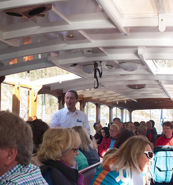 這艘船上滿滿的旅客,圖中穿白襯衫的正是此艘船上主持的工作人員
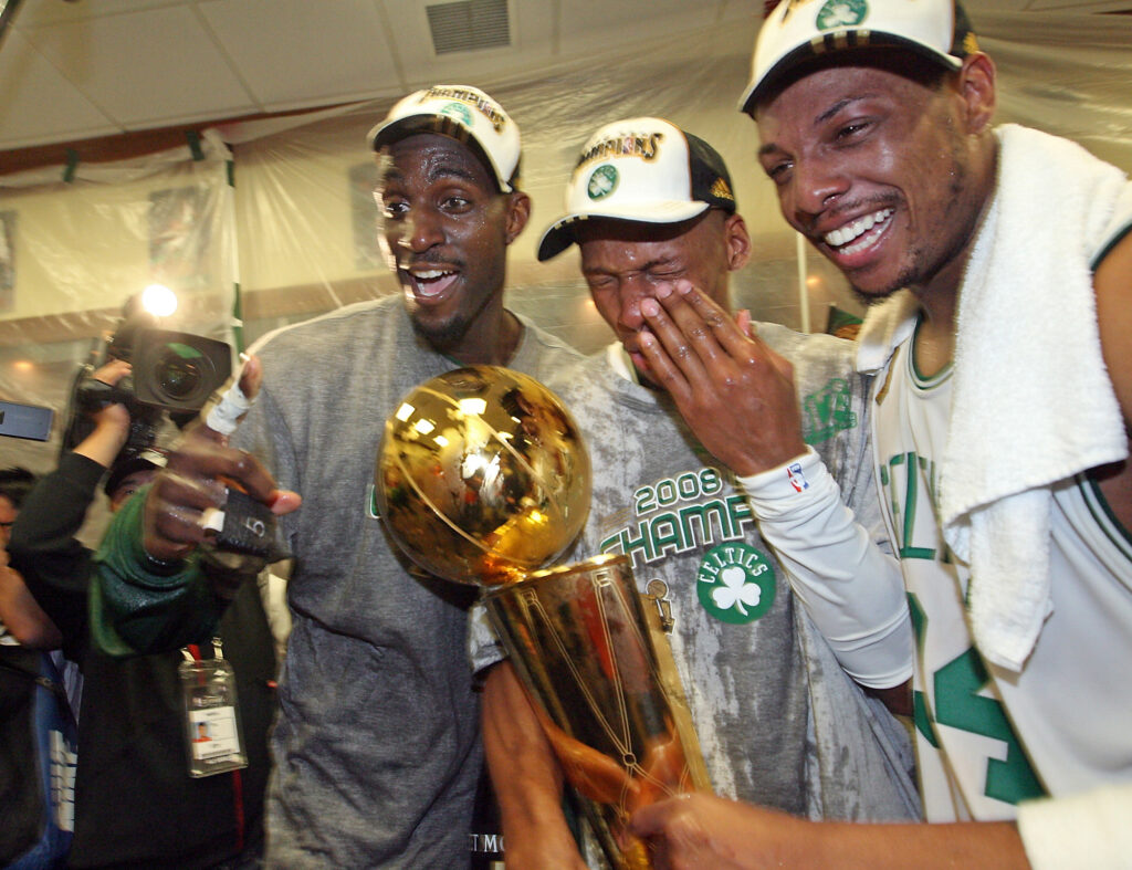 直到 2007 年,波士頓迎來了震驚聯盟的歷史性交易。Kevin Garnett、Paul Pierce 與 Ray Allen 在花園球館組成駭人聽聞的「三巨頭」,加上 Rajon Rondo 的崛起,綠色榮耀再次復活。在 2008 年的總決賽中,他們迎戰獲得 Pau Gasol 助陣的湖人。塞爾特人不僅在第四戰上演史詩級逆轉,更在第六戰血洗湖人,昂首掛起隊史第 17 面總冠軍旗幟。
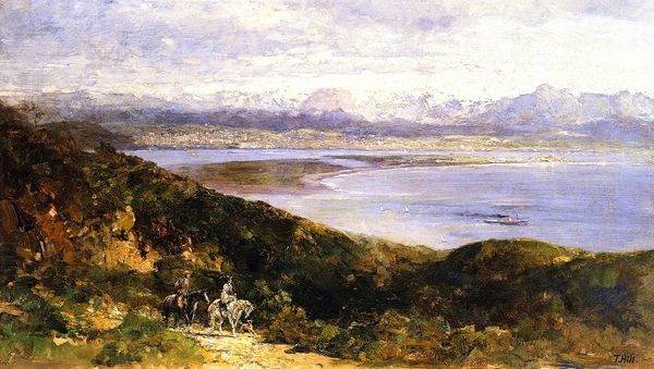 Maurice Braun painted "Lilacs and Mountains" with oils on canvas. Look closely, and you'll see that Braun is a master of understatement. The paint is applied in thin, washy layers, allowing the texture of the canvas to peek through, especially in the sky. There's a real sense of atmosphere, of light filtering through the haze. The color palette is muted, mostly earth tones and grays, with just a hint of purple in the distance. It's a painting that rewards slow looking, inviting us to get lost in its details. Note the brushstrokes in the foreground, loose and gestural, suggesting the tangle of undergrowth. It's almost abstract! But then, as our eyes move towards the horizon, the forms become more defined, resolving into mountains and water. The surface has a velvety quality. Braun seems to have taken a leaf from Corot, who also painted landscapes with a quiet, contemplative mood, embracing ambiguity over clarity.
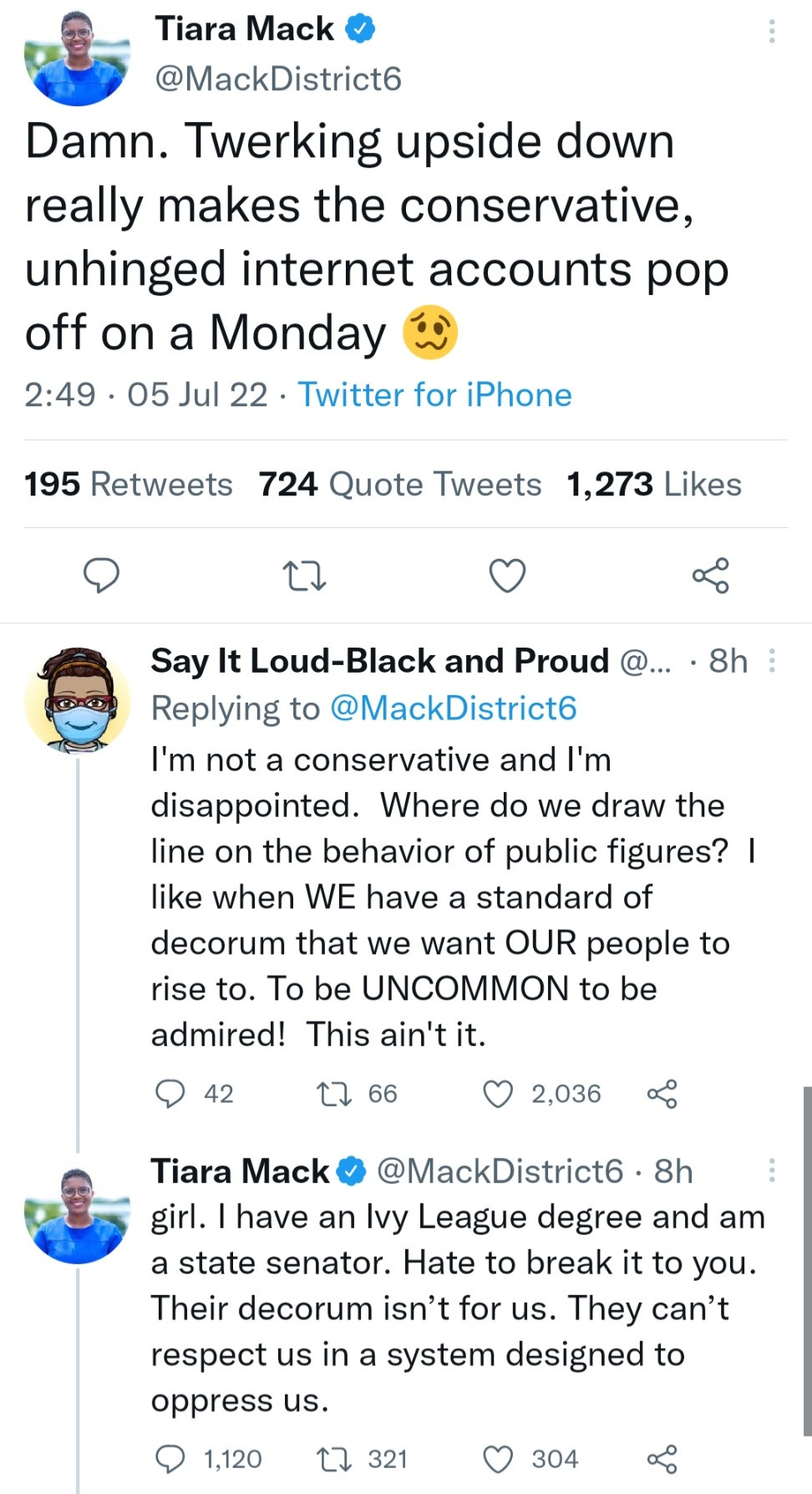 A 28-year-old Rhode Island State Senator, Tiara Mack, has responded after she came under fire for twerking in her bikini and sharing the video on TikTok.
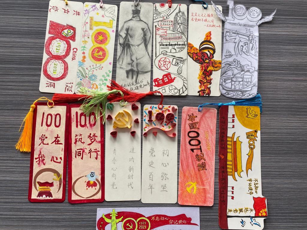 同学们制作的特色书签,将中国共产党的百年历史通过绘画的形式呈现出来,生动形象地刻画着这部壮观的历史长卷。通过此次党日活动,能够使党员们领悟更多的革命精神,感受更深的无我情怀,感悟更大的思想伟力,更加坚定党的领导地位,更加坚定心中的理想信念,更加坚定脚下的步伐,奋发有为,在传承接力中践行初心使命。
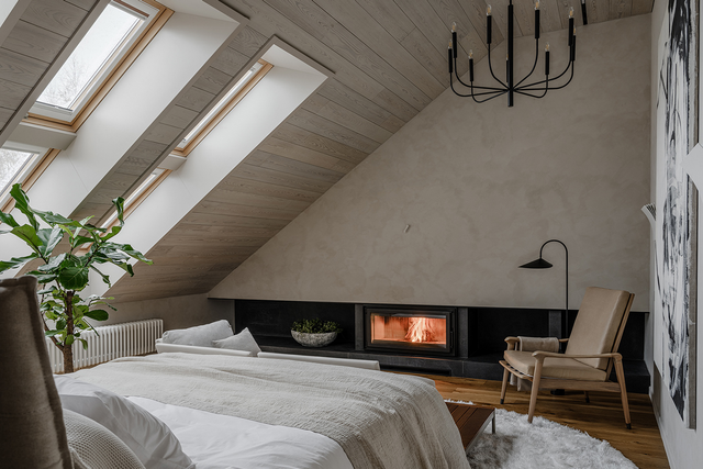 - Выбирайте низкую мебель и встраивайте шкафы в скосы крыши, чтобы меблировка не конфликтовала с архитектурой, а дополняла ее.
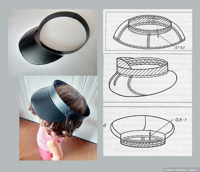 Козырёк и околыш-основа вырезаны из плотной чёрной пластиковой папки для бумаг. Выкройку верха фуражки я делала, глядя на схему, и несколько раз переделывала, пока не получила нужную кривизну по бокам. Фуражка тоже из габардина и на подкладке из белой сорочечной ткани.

* * *

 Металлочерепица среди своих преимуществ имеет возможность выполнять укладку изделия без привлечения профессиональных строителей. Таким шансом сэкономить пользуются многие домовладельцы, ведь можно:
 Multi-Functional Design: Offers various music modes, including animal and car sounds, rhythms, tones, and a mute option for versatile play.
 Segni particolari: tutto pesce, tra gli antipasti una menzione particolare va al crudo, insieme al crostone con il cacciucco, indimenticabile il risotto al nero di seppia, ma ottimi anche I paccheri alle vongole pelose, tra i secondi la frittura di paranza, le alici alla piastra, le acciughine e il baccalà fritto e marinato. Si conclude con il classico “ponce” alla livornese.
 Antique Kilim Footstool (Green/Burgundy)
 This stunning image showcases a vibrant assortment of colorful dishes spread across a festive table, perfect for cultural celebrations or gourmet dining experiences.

==

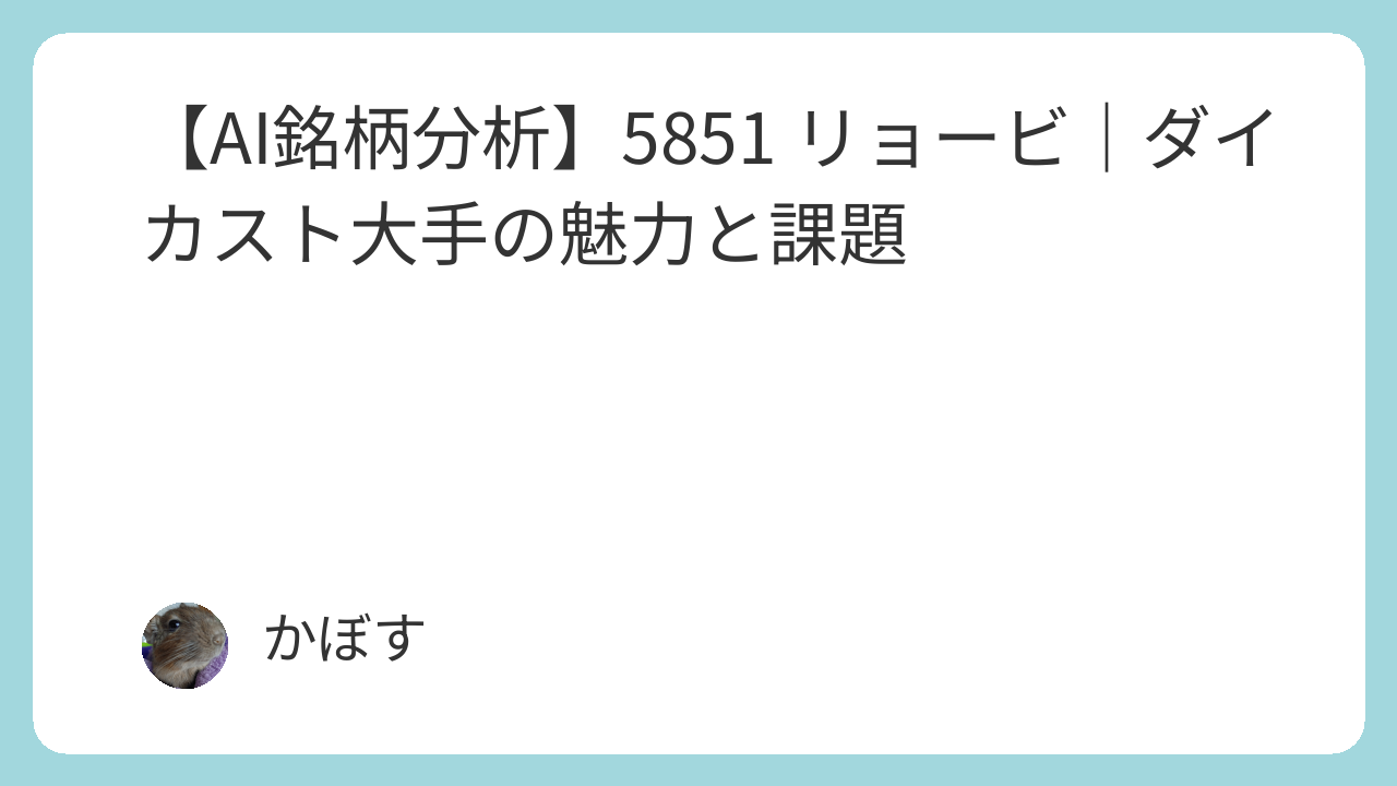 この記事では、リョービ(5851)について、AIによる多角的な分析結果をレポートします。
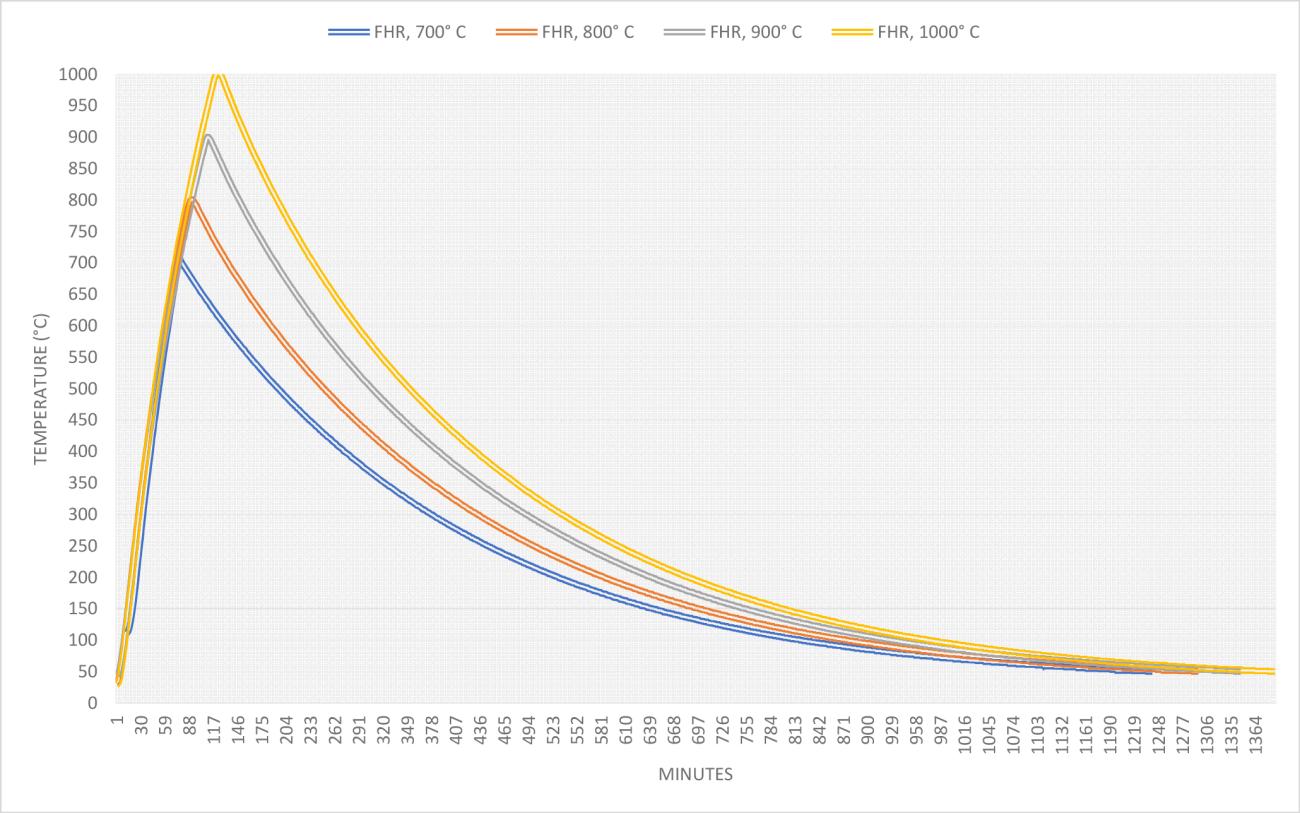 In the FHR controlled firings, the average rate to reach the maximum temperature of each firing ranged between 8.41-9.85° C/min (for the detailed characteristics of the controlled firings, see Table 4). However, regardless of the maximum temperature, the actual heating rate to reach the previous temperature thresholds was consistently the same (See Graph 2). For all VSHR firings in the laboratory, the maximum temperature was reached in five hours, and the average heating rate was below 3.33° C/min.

- _Description of the task_: In the listing above, find the line containing "同学们制作的特色书签,将中国" and the line containing "Козырёк и околыш-основа", then print exactly those two lines and every line between them, minus the pictures.

- _Answer box_:
 同学们制作的特色书签,将中国共产党的百年历史通过绘画的形式呈现出来,生动形象地刻画着这部壮观的历史长卷。通过此次党日活动,能够使党员们领悟更多的革命精神,感受更深的无我情怀,感悟更大的思想伟力,更加坚定党的领导地位,更加坚定心中的理想信念,更加坚定脚下的步伐,奋发有为,在传承接力中践行初心使命。
 - Выбирайте низкую мебель и встраивайте шкафы в скосы крыши, чтобы меблировка не конфликтовала с архитектурой, а дополняла ее.
 Козырёк и околыш-основа вырезаны из плотной чёрной пластиковой папки для бумаг. Выкройку верха фуражки я делала, глядя на схему, и несколько раз переделывала, пока не получила нужную кривизну по бокам. Фуражка тоже из габардина и на подкладке из белой сорочечной ткани.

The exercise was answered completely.